Latin American mother teaching her daughter to cook

Hispanic, Latino Individuals Face Growing Rates of Obesity, Diabetes

Hispanic and Latino individuals in the U.S. have a longer life expectancy than their white counterparts. Yet new observations by public health scholars indicate this life expectancy gap may be narrowing as health trends shift.   

The Hispanic and Latino population in the U.S. includes 60.5 million individuals, making up 18.4% of the population as of 2019. This group is experiencing growing rates of obesity and diabetes – both chronic conditions that can put individuals at risk for further health complications.  

In addition, there are many health and health care disparities for members of the Hispanic and Latino community.   

These changes in the health of the Latino population signal the continued need for equal access to quality health care for everyone, regardless of where they live and their income level.   

Latino health in the U.S.

According to U.S. Census Bureau projections, the 2020 life expectancies at birth for Hispanics are 82.1 years, with 84.2 years for women, and 79.9 years for men. For non-Hispanic whites the projected life expectancies are 80.6 years, with 82.7 years for women, and 78.4 years for men.  

Some researchers believe Hispanic and Latino individuals in the U.S. have experienced longer life expectancy due to factors including:   

  • Lower rates of smoking when compared to white individuals  
  • Stronger networks of social support, including family and friends  
  • Some experts believe statistics may be affected by out-migration trends, as some immigrants in poor health may return to their home country – leaving behind healthier immigrants  

Leading causes of death for Latinos in the U.S. in 2020 included COVID-19, heart disease and cancer.  

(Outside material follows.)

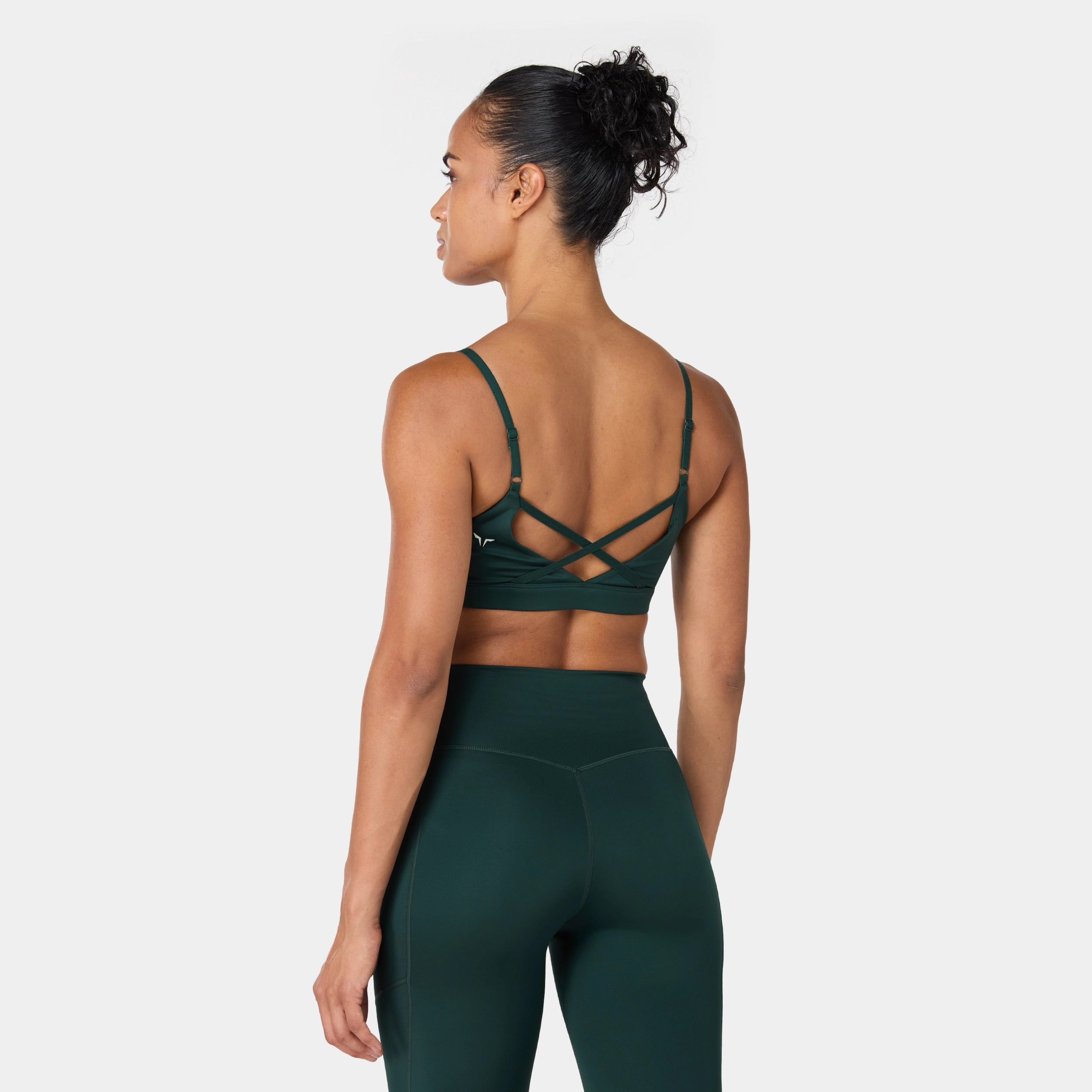 V-shaped neckline Adjustable straps for a custom fit Removable cups for flexible support Light support for low-impact activities Icon logo on back left Designed for A/C cups Low coverage Model Wearing Small: Height 5'7" / 176 cm // Bust: 34" // Waist: 31" // Hips: 40"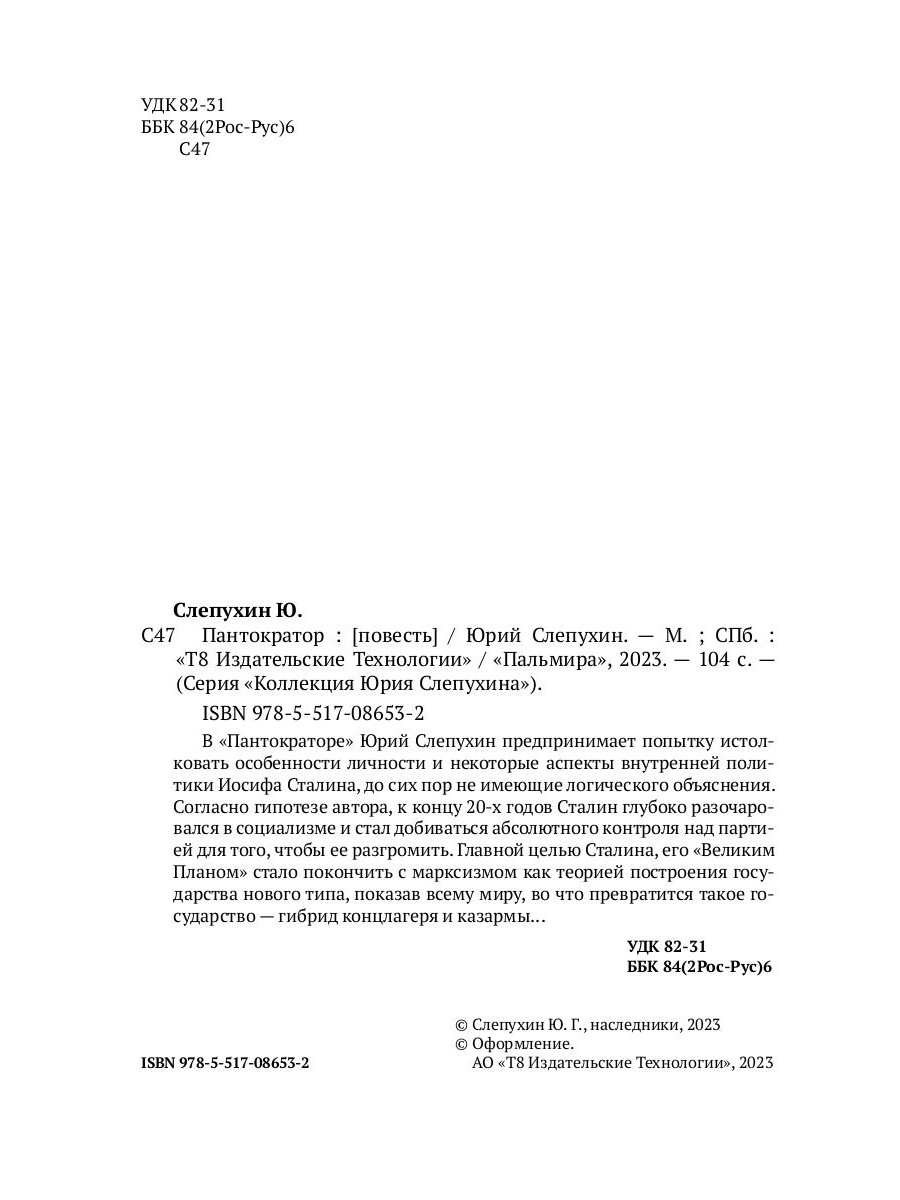 Юрий Слепухин - (1926-1998) - писатель, автор романов и публицистических статей, до конца 1950-х годов живший в послевоенной Европе и Аргентине. В своем творчестве он следовал гуманистическим традициям классической русской литературы. Большое значение в его произведениях занимают темы любви, милосердия и отношений государства и личности в разные исторические эпохи. Ю. Слепухин - не политолог, не профессиональный историк. Он - одухотворенный художник, литератор. Поэтому для него главное - трагедия утраты человеческой сущности, олицетворенная в "пантократорстве".

Social determinants of health

Broadly, there’s growing agreement among experts that social determinants of health can ultimately determine an individual’s health and wellbeing and are more influential than the medical care an individual receives. These social and environmental factors include:   

  • Access to health care and healthy food  
  • Crime and violence   
  • Education  
  • Environmental conditions of an individual’s home and neighborhood  
  • Food insecurity  
  • Health literacy  
  • Housing instability  
  • Income  

Many Latino and Hispanic individuals in the U.S. face the effects of social determinants of health in their lives:     

  • 17.2% of Hispanics lived at the poverty level in the U.S. in 2019, compared to 9.0% of non-Hispanic white individuals.  
  • Language and cultural barriers often prevent Hispanics from seeking help for their health: finding a provider that offers language assistance services can be difficult; and there has been a decrease in mental health treatment offered in Spanish.   
  • Hispanics have the highest rates of uninsurance of any minority group in the U.S.: 18.7% of the Hispanic population was not covered by health insurance in 2019; compared to 6.3% of the white population. This affects their ability to seek preventive care.   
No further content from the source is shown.